● Records for processing:
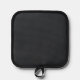 A square, multicolored pot holder with a vibrant, symmetrical rainbow pattern and a black border. Back: Solid black textured fabric with a loop.
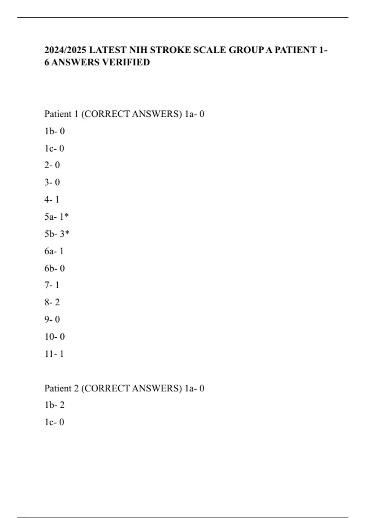 2024/2025 LATEST NIH STROKE SCALE GROUP A PATIENT 1-
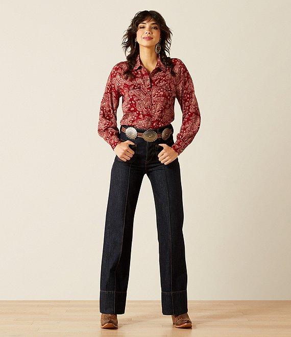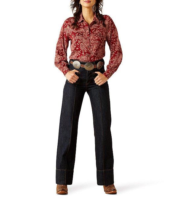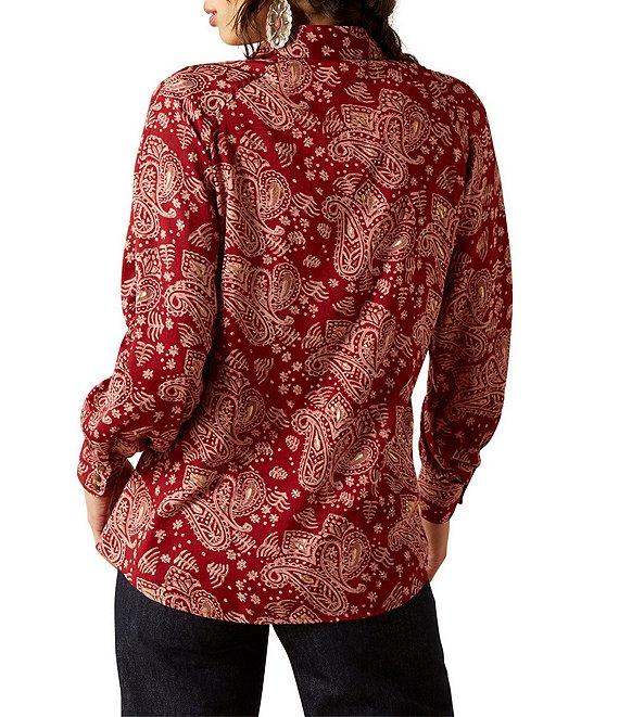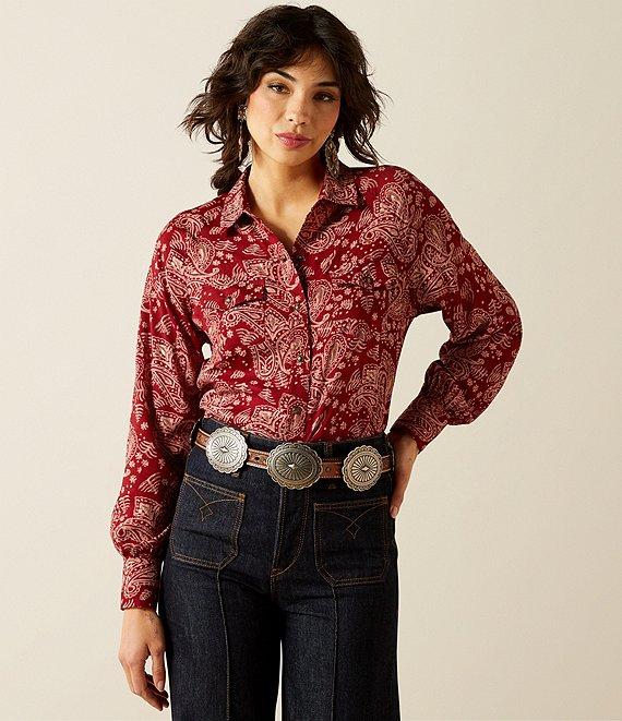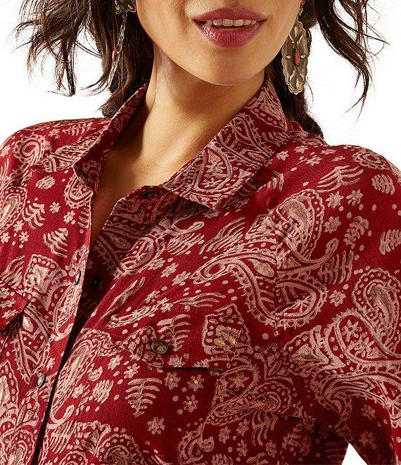 From Ariat, this blouse features: Point collar Long sleeves Gold-flecked paisley pattern Front chest pockets Onyx snaps Button front closure Viscose/polyester Machine wash/tumble dry Imported.
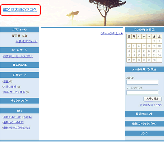 それでは、まずどんなブログが作成されているか見てみましょう。
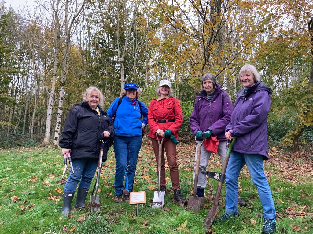 November 7, 2021Members from our club planted 18 service whips around Primrose Hill Community Wood in Bath to mark our Soroptimist Centenary. Clubs throughout the world hae been doing this to mark the occasion whilst helping the planet. We planted 18 to represent each member of the club. Luckly we had a husband who helped and guided us along the way.

● Task: Output must match the lines from the start of the records above through the line that contains "2024/2025 LATEST NIH", exactly and with every picture removed.

● Response to the exercise:
 A square, multicolored pot holder with a vibrant, symmetrical rainbow pattern and a black border. Back: Solid black textured fabric with a loop.
 2024/2025 LATEST NIH STROKE SCALE GROUP A PATIENT 1-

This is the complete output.